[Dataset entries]

-- -- --

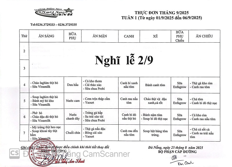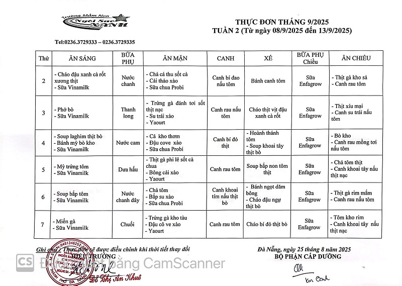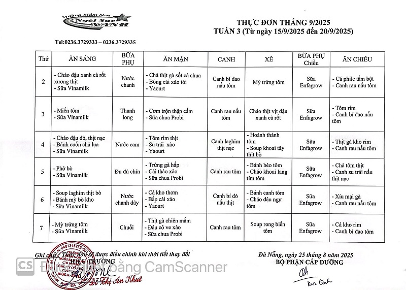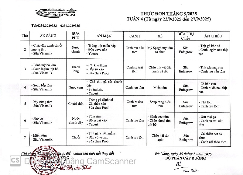 THỰC ĐƠN THÁNG 09 NĂM 2025 CỦA CÁC BÉ
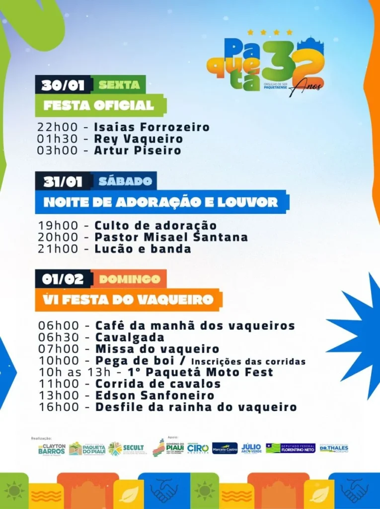 A Prefeitura de Paquetá do Piauí dá início, nesta sexta-feira, 30 de janeiro, à programação em comemoração aos seus 32 anos de emancipação política. A abertura oficial da festa acontece no Balneário Francisco Henrique de Holanda e promete reunir grande público, tendo como principal atração da noite o cantor Rey Vaqueiro.
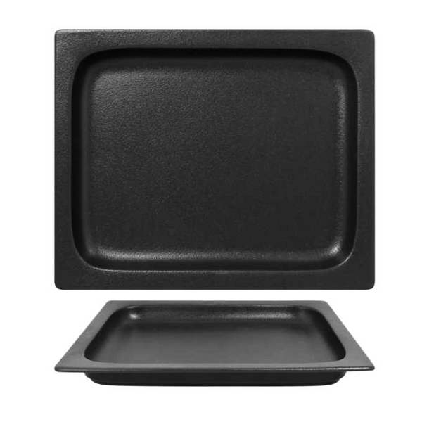 Fuente 1,3 L - GN 1/2 - 325 x 265 x h20 mm. Disponible en 6 colores dentro de la colección NEOFUSIÓN. Inspirado en materiales minerales.Cada pieza posee la solidez de la porcelana y la apariencia de la cerámica gracias a un esmalte ultraresistente y no poroso pulverizado a mano.
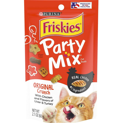 Friskies Party Mix Original Crunchy Cat Treats - 2.1 ozFriskies Party Mix Original Crunch Treats combine chicken, liver and turkey flavors to create a tasty partymix your cat will adore! These treats are jam-packed with flavor and deliver their own unique taste and crunch with every bite.
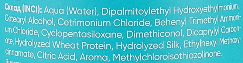 Склад: Aqua (Water), Dipalmitoylethyl Hydroxyethylmonium, Cetearyl Alcohol, Cetrimonium Chloride, Behenyl Trimethyl Ammonium Chloride, Cyclopentasiloxane, Dimethiconol, Dicaprylyl Carbonate, Hydrolyzed Wheat Protein, Hydrolyzed Silk, Ethylhexyl Methoxycinnamate, Citric Acid, Aroma, Methylchloroisothiazolinone.
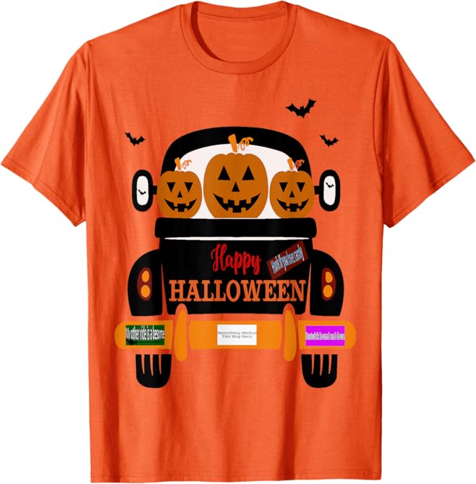 Happy Halloween trucking along with your creeps. Eastwick bound, wicked this way goes. Jack-o’-lantern’s gone batty over candy indeed. Honk if your other ride’s a besome style steed.

-- -- --

WORK TO BE COMPLETED — Word for word, copy every line of the data, excluding any pictures.

ANSWER —
 THỰC ĐƠN THÁNG 09 NĂM 2025 CỦA CÁC BÉ
 A Prefeitura de Paquetá do Piauí dá início, nesta sexta-feira, 30 de janeiro, à programação em comemoração aos seus 32 anos de emancipação política. A abertura oficial da festa acontece no Balneário Francisco Henrique de Holanda e promete reunir grande público, tendo como principal atração da noite o cantor Rey Vaqueiro.
 Fuente 1,3 L - GN 1/2 - 325 x 265 x h20 mm. Disponible en 6 colores dentro de la colección NEOFUSIÓN. Inspirado en materiales minerales.Cada pieza posee la solidez de la porcelana y la apariencia de la cerámica gracias a un esmalte ultraresistente y no poroso pulverizado a mano.
 Friskies Party Mix Original Crunchy Cat Treats - 2.1 ozFriskies Party Mix Original Crunch Treats combine chicken, liver and turkey flavors to create a tasty partymix your cat will adore! These treats are jam-packed with flavor and deliver their own unique taste and crunch with every bite.
 Склад: Aqua (Water), Dipalmitoylethyl Hydroxyethylmonium, Cetearyl Alcohol, Cetrimonium Chloride, Behenyl Trimethyl Ammonium Chloride, Cyclopentasiloxane, Dimethiconol, Dicaprylyl Carbonate, Hydrolyzed Wheat Protein, Hydrolyzed Silk, Ethylhexyl Methoxycinnamate, Citric Acid, Aroma, Methylchloroisothiazolinone.
 Happy Halloween trucking along with your creeps. Eastwick bound, wicked this way goes. Jack-o’-lantern’s gone batty over candy indeed. Honk if your other ride’s a besome style steed.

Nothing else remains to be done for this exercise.